I don't believe this is right - the thing tunneled over SSH is the data
flowing within the TCP connection, not the TCP connection itself. If I do `ssh
-L8080:foo:8080 bar.example.com` and then connect to
[http://localhost:8080/](http://localhost:8080/), then my browser's TCP
connection terminates at my _local_ SSH process, which decapsulates the TCP
stream and sends it over SSH. Then the SSH server on bar creates a new TCP
connection to foo.

Therefore there isn't TCP inside TCP. There are three TCP connections
connected in series: my browser to ssh on localhost (HTTP inside TCP, ssh to
foo (HTTP inside SSH inside TCP), and sshd on foo to web server on bar (HTTP
inside TCP).

Therefore the "TCP-in-TCP" problem, where a delayed/dropped packet creates
backoff in both the inner and outer TCP connections, doesn't apply. When my
browser sends a packet, it is immediately and reliably ACKed by the ssh
process running on my local machine.
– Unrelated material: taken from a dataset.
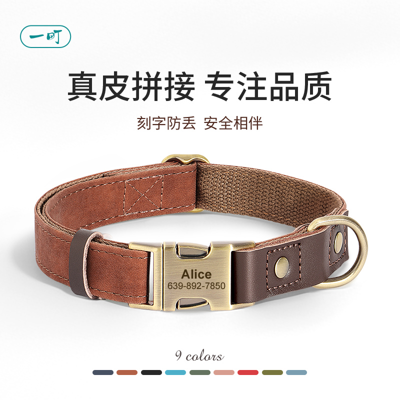 宠物狗狗项圈泰迪小型犬颈圈中型犬柯基刻字防丢狗牌牵引绳狗脖圈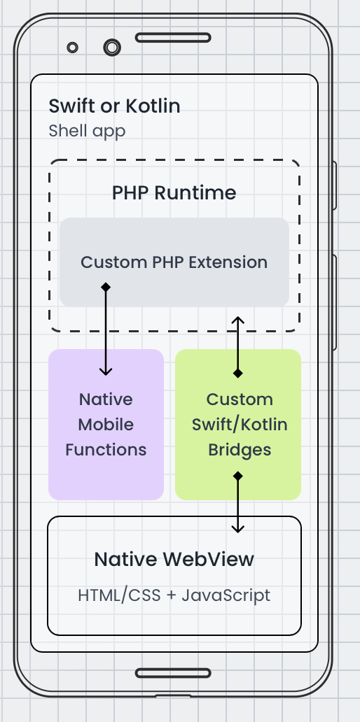 Le coeur de l'app est en PHP. Le tout est embarqué dans une application shell Kotlin ou Swift. Sur la partie mobile, NativePHP supporte : caméra, authentification de type FaceID, TouchID, les notifications, les retours haptiques, accès la lampe touche, sécurité du stockage, localisation.

That ssh process might fail to get the
resulting encrypted packet to foo, but that only affects a single TCP
connection, the one from my laptop to foo:22. The browser sees a slow
connection, but it sees it being slow at the application layer, not at the TCP
layer.

So I think 'sneak is mostly right with the exception of ssh -w, which is a
relatively new feature (and not what I was asking about at the top of the
thread, in any case).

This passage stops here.